For this project, you will implement a multi-threaded web server. This project is designed to give you some practice writing client-server socket programs and writing multithreaded programs, as well as familiarizing you with the HTTP protocol.
In the end, you will have built a multi-threaded Web server that is capable of processing multiple simultaneous service requests in parallel. You should be able to demonstrate that your Web server is capable of delivering static and dynamic pages to a Web browser.
Static and Dynamic web pages
Static web pages are very simple. It is written in languages such as HTML, JavaScript, CSS, etc. For static web pages when a server receives a request for a web page, then the server sends the response to the client without doing any additional process. And these web pages are seen through a web browser. In static web pages, pages will remain the same until someone changes it manually.
Dynamic web pages are written in languages such as CGI, AJAX, ASP, ASP.NET, etc. In dynamic web pages, the content of pages is different for different visitors. It takes more time to load than the static web page. Dynamic web pages are used where the information is changed frequently, for example, stock prices, weather information, etc.
The dynamic web page content can vary depending on the number of parameters. It does not just simply send HTML page in response. The web server calls a program which can access a database, perform transaction procedure, etc. If the application program produces HTML output, which is used to construct an HTTP response by the web server. The web server sends the HTTP response thus created, back to the web browser.
CGI
The CGI (common gateway interface) provides an easy way to build dynamic websites using any language of your choice. A CGI program is executed in real-time, so that it can output dynamic information. It can be written in Perl, Php, C/C++ , Java, Python, or other programming languages.
The CGI is a standard way for a Web server to pass a Web user's request to an application program and to receive data back to forward to the user. When the user requests a Web page (for example, by clicking on a highlighted word or entering a Web site address), the server sends back the requested page. However, when a user fills out a form on a Web page and sends it in, it usually needs to be processed by an application program. The Web server typically passes the form information to a small application program that processes the data and may send back a confirmation message. This method or convention for passing data back and forth between the server and the application is called the common gateway interface (CGI).
A file with the CGI file extension is a Common Gateway Interface Script file. They are text files but since they're written in a programming language like C/C++ or Perl, they can function as executable files under certain conditions. These script files are often seen in a web server's “cgi-bin” directory.
Writing a CGI program
There are two main differences between “regular” programming and CGI programming.
First, all output from your CGI program must be preceded by a MIME-type header. This is HTTP header that tells the client what sort of content it is receiving. Most of the time, this will look like:
Content-type: text/html
Secondly, your output needs to be in HTML, or some other format that a browser will be able to display. Most of the time, this will be HTML, but occasionally you might write a CGI program that outputs a gif image, or other non-HTML content.

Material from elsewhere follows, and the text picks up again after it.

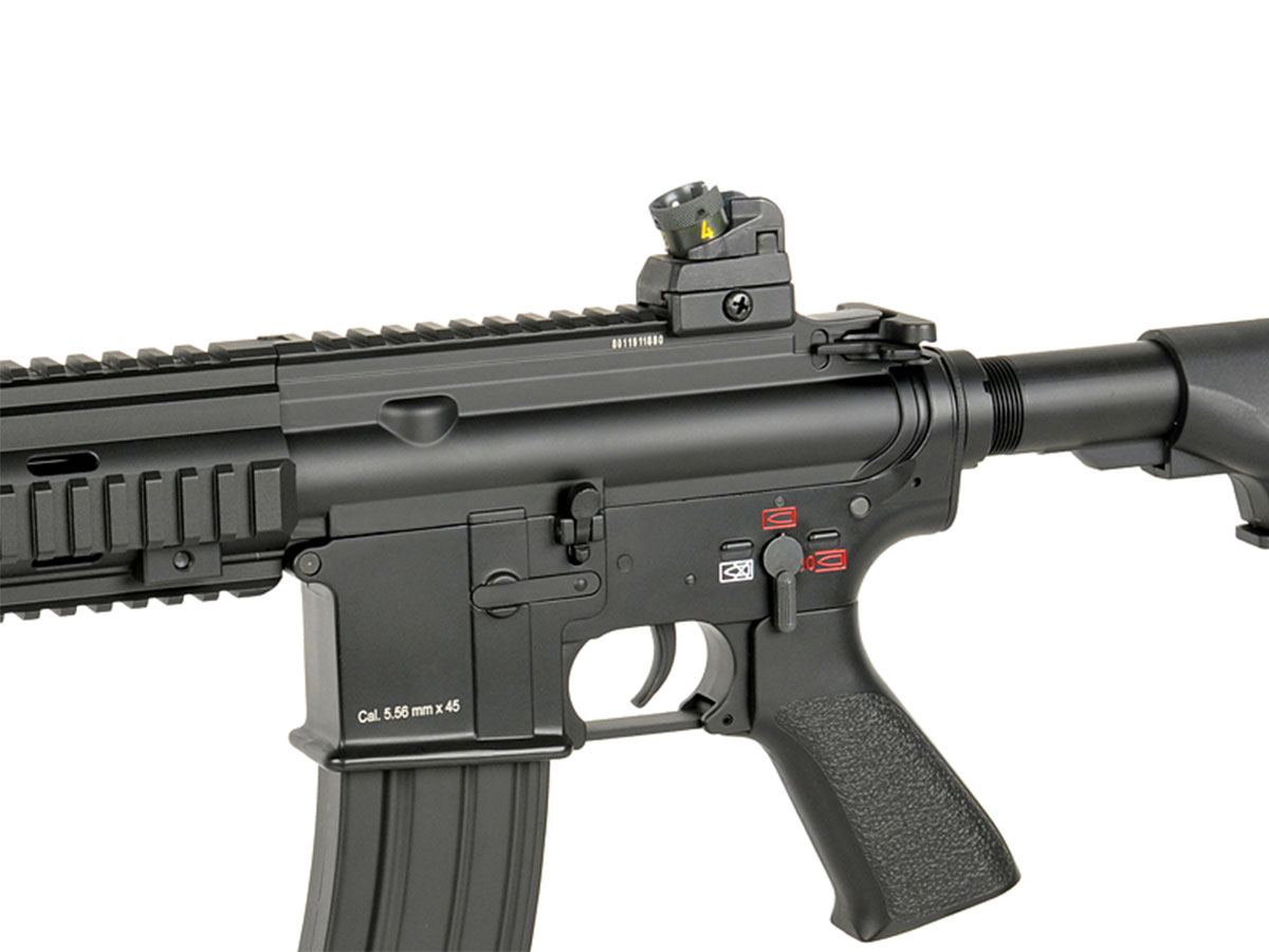 Exteriorul replicii este realizat aproape total din metal, iar componentele din ABS sunt calitative si robuste. Corpul armei impreuna cu carcasa, declansatorul, mag-catch-ul, patul rabatabil sunt realizate din metal, iar alte componente precum teava externa, flash-ul sunt realizate din aluminiu. Patul replicii este pliabil, ajungand la o lungime de 785mm. Incarcatorul replicii este Hi-Cap si inmagazineaza 300 de bile. Replica este prevazuta cu multe sine sandard pe care se pot monta accesorii cum ar fi lanterna sau laser sau sisteme de ochire avansate

Apart from those two things, writing a CGI program will look a lot like any other program that you might write.
Web Server Structure
The basic design of the web server would be the following:
- Create a server socket on port 8888.
- Enter an infinite loop:
(1) Acceptthenextconnection.
If there are already max connections, kill the oldest thread by closing its
client socket. This will cause the worker thread to receive an error or exception the next time it tries to read from or write to the socket. The worker thread should then exit. If the total number of simultaneous open connections gets above maxConnections, your server will start closing the oldest open connections and their associated worker threads will die. The killed worker thread should clean up any shared state and close its end of the socket before dying. Remember that connections can be closed other ways too. For example, the client-side can close the connection. In this case the associated worker thread should detect that the socket was closed, clean up any shared state, and exit.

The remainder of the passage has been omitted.